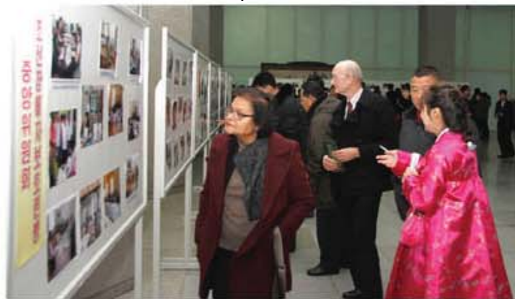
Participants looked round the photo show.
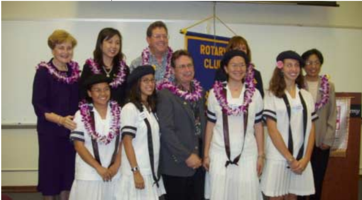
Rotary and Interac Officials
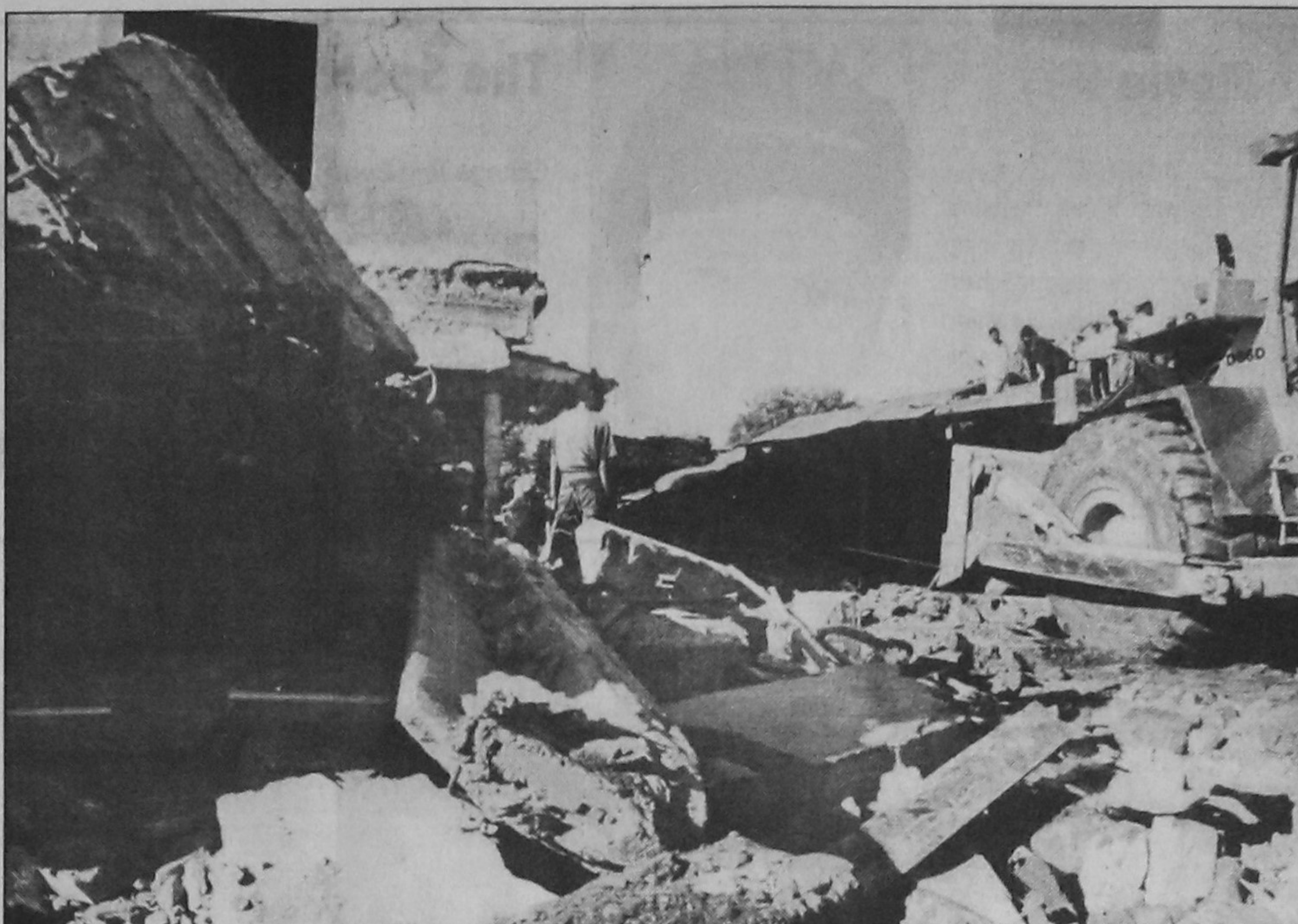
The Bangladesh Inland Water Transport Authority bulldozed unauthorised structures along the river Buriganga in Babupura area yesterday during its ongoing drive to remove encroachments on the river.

WHAT TO DO
Copy every line of the data word for word, omitting the images.

RESPONSE TO THE TASK
Participants looked round the photo show.
Rotary and Interac Officials
The Bangladesh Inland Water Transport Authority bulldozed unauthorised structures along the river Buriganga in Babupura area yesterday during its ongoing drive to remove encroachments on the river.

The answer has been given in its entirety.